(WHAT YOU WILL DO):
Starting from the top of the entries below and ending with the line containing "オメガの人気「スピードマスタ", restate every line word for word, pictures omitted.

(RECORDS TO USE):
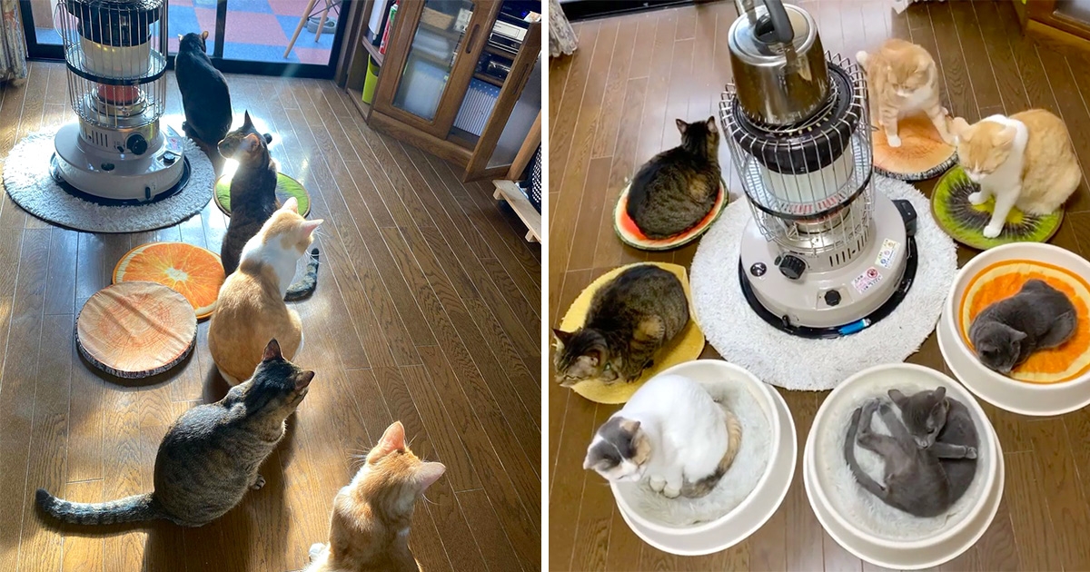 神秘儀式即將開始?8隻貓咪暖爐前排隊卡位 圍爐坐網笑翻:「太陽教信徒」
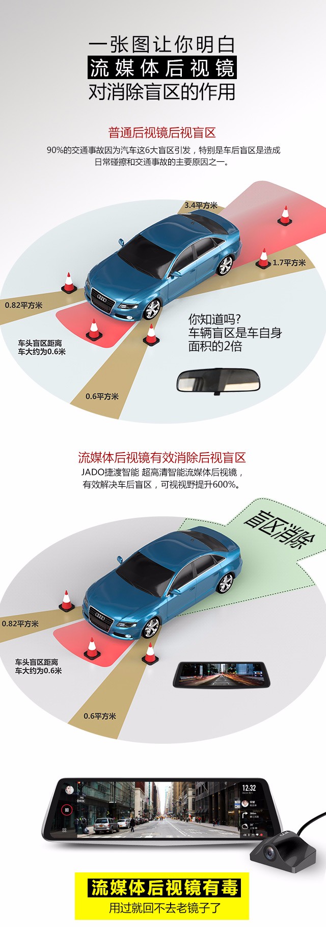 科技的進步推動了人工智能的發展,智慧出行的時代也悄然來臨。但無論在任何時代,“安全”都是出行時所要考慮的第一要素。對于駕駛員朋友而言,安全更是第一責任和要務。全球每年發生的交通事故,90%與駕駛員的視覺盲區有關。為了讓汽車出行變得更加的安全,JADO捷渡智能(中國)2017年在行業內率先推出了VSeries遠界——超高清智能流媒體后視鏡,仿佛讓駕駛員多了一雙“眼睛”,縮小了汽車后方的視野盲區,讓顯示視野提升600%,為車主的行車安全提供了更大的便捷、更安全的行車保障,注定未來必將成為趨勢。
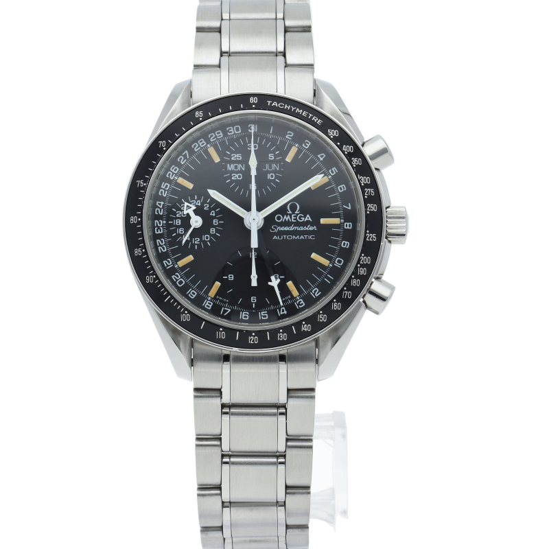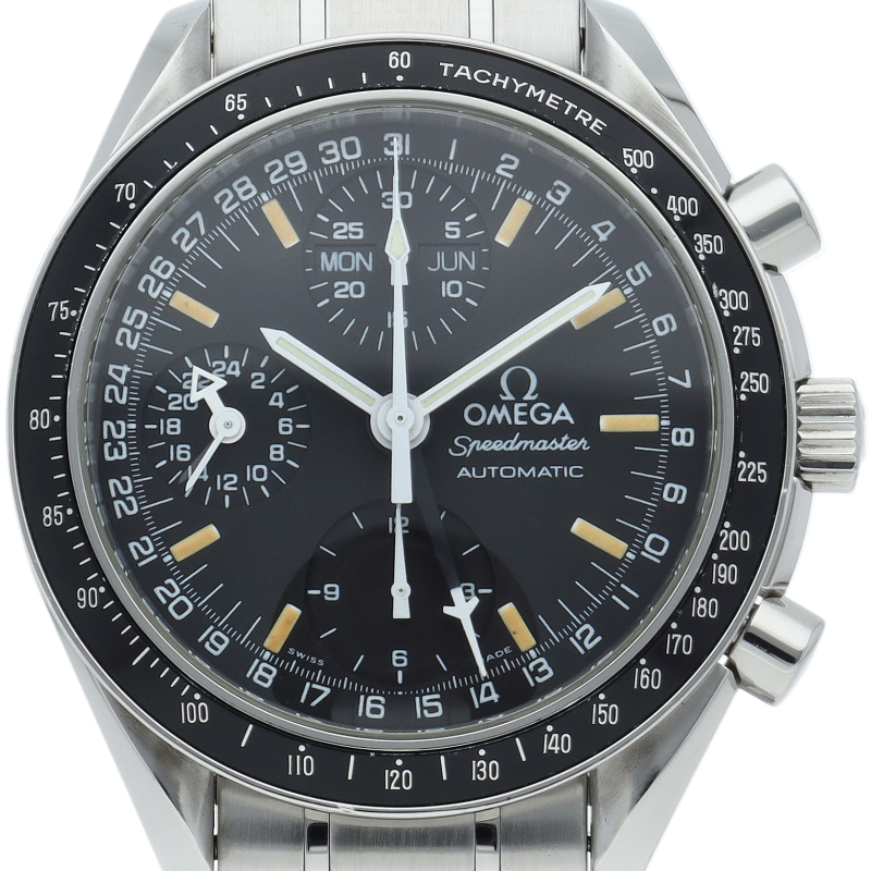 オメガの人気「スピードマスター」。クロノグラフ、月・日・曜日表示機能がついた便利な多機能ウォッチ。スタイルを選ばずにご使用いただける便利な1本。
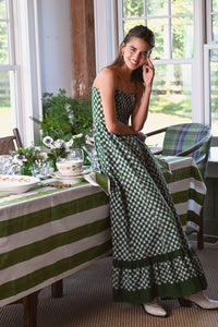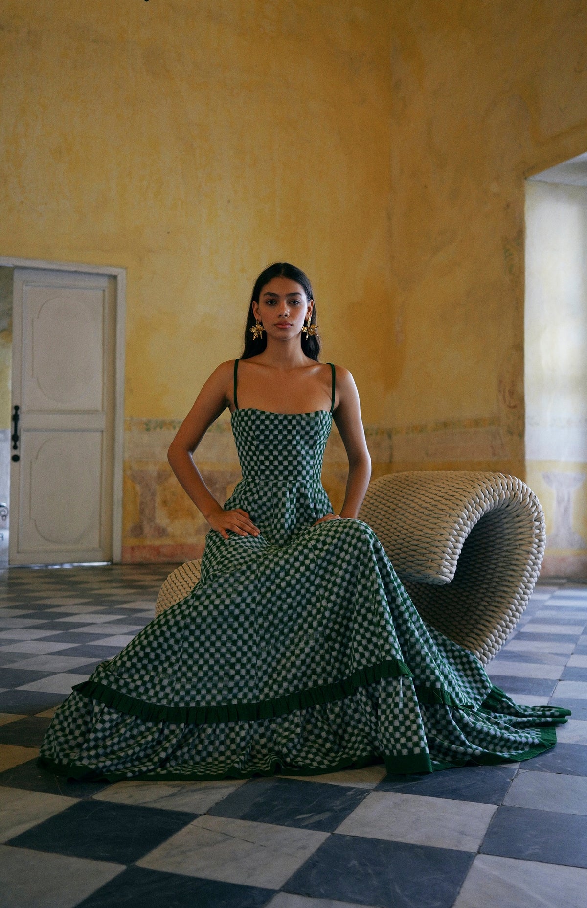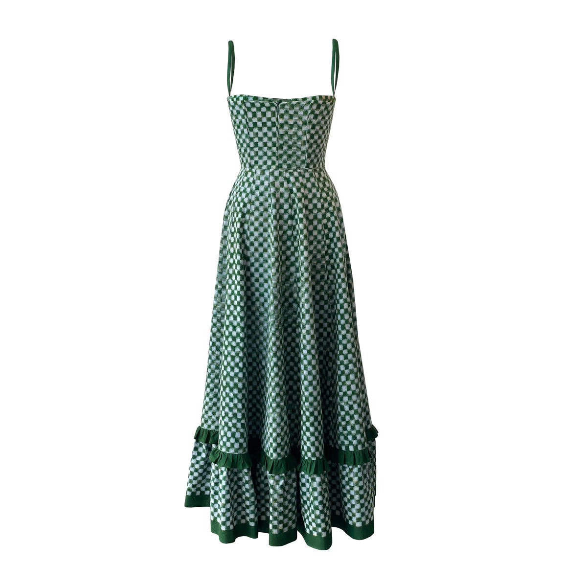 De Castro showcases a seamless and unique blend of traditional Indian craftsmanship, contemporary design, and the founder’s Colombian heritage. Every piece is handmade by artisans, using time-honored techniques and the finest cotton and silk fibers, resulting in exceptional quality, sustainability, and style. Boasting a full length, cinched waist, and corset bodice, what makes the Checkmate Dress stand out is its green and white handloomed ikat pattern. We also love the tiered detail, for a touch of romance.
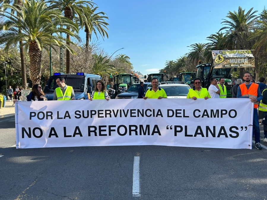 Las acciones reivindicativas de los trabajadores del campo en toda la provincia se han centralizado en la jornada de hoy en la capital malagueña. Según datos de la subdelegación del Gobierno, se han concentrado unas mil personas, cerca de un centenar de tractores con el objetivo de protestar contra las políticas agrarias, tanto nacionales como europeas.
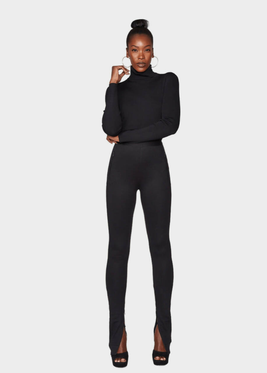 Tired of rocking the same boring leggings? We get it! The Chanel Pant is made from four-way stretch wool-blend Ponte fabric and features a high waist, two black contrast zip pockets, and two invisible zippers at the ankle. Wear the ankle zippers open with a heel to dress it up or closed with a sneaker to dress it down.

(ANSWER BOX):
 神秘儀式即將開始?8隻貓咪暖爐前排隊卡位 圍爐坐網笑翻:「太陽教信徒」
 科技的進步推動了人工智能的發展,智慧出行的時代也悄然來臨。但無論在任何時代,“安全”都是出行時所要考慮的第一要素。對于駕駛員朋友而言,安全更是第一責任和要務。全球每年發生的交通事故,90%與駕駛員的視覺盲區有關。為了讓汽車出行變得更加的安全,JADO捷渡智能(中國)2017年在行業內率先推出了VSeries遠界——超高清智能流媒體后視鏡,仿佛讓駕駛員多了一雙“眼睛”,縮小了汽車后方的視野盲區,讓顯示視野提升600%,為車主的行車安全提供了更大的便捷、更安全的行車保障,注定未來必將成為趨勢。
 オメガの人気「スピードマスター」。クロノグラフ、月・日・曜日表示機能がついた便利な多機能ウォッチ。スタイルを選ばずにご使用いただける便利な1本。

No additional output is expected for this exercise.